** ENTRIES SUPPLIED **
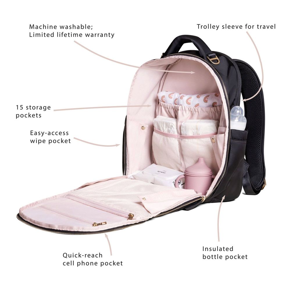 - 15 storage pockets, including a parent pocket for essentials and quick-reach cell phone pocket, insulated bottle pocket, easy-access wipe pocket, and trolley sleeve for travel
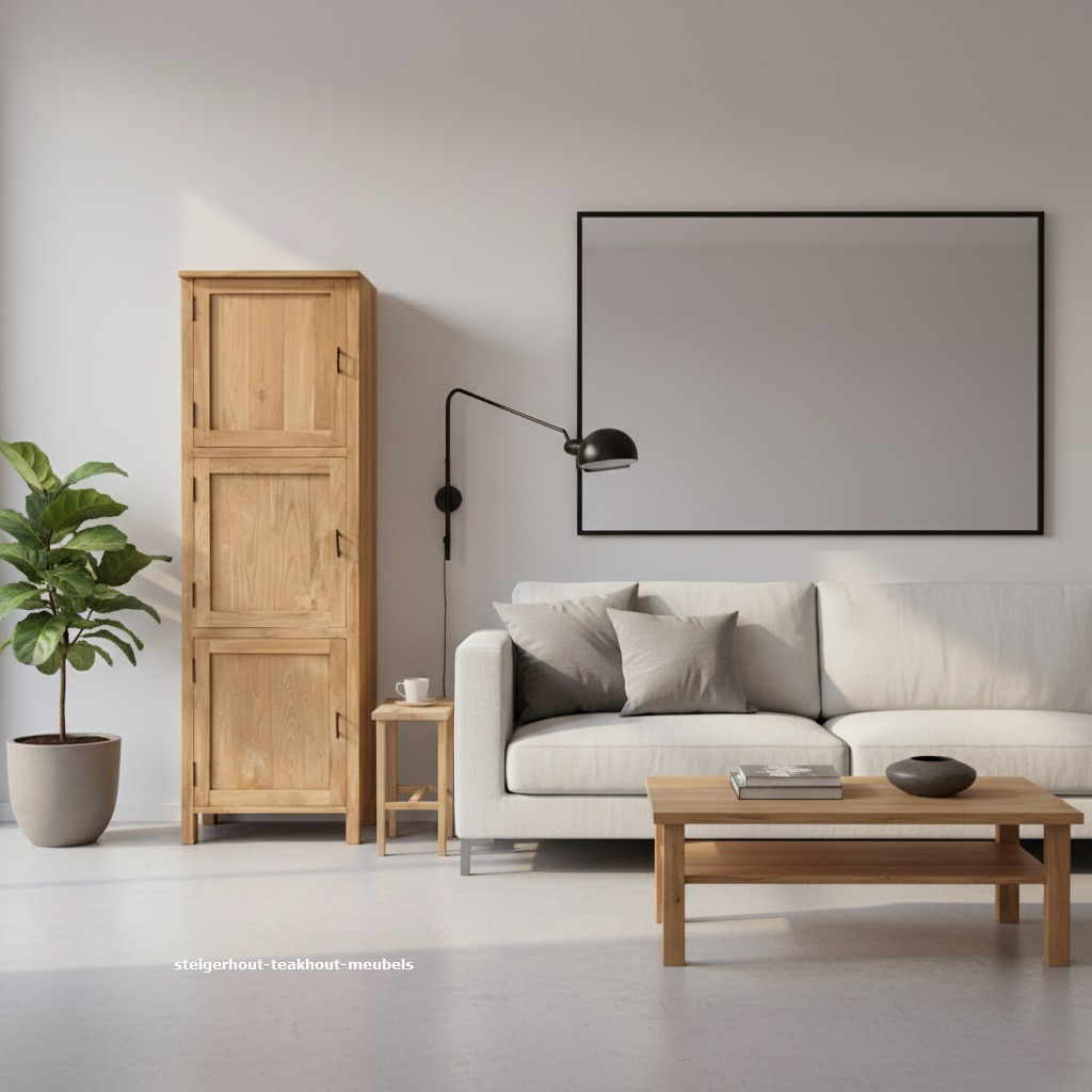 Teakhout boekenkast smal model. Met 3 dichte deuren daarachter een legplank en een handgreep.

==

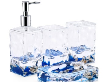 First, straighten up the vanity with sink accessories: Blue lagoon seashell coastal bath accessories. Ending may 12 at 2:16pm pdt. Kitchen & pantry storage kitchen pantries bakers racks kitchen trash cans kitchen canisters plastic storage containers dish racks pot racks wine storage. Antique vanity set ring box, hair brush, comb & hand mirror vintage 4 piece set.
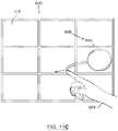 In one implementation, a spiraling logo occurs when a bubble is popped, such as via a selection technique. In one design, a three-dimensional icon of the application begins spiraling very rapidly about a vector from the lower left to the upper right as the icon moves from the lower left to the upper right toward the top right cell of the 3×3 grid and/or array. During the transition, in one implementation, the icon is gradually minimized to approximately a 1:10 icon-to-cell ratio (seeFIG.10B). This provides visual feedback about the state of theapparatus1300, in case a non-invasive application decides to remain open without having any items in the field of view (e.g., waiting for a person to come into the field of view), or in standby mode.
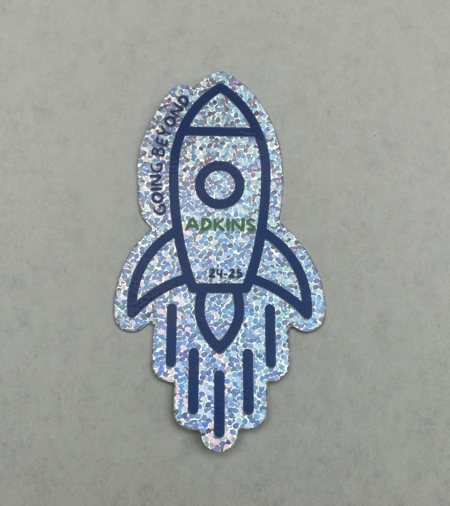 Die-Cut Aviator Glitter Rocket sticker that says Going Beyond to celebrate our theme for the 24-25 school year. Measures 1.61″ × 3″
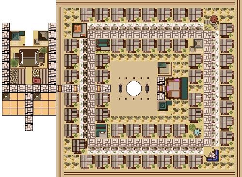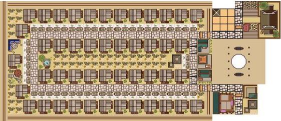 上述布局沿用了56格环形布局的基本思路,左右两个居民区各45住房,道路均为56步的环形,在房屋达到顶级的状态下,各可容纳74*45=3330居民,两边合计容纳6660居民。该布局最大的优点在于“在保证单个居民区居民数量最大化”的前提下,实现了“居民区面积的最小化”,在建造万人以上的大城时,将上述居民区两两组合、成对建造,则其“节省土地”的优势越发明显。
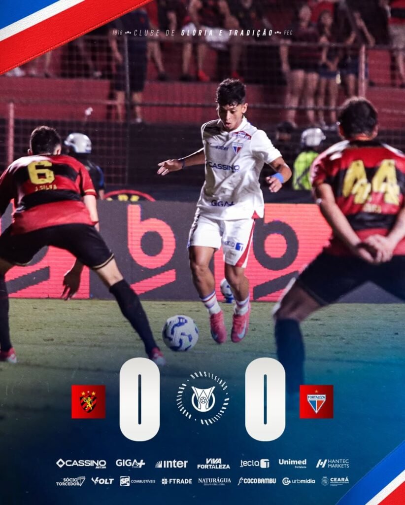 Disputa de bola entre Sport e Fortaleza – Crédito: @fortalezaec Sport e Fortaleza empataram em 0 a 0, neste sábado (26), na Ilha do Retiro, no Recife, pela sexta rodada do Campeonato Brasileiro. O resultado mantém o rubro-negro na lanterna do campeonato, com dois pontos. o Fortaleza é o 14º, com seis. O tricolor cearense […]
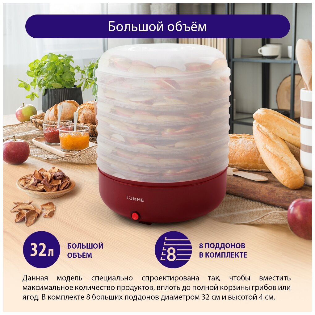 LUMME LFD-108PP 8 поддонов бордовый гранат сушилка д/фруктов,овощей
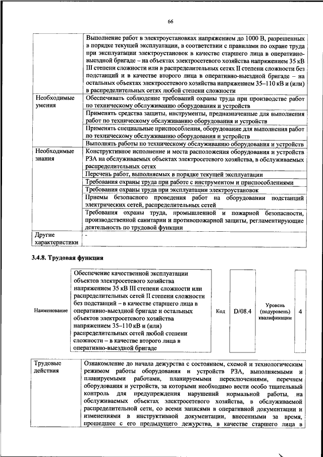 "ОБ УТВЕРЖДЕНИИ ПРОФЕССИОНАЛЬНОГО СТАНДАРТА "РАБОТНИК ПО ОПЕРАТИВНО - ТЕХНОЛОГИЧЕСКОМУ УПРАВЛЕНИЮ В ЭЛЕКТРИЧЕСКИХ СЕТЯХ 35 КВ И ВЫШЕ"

** WHAT YOU WILL DO **
Only the lines of the listing above from the one with "Die-Cut Aviator Glitter" through the one with "上述布局沿用了56格环形布局" should be output, exactly, with both ends kept and pictures left out.

** RESULT OF THIS EXERCISE **
 Die-Cut Aviator Glitter Rocket sticker that says Going Beyond to celebrate our theme for the 24-25 school year. Measures 1.61″ × 3″
 上述布局沿用了56格环形布局的基本思路,左右两个居民区各45住房,道路均为56步的环形,在房屋达到顶级的状态下,各可容纳74*45=3330居民,两边合计容纳6660居民。该布局最大的优点在于“在保证单个居民区居民数量最大化”的前提下,实现了“居民区面积的最小化”,在建造万人以上的大城时,将上述居民区两两组合、成对建造,则其“节省土地”的优势越发明显。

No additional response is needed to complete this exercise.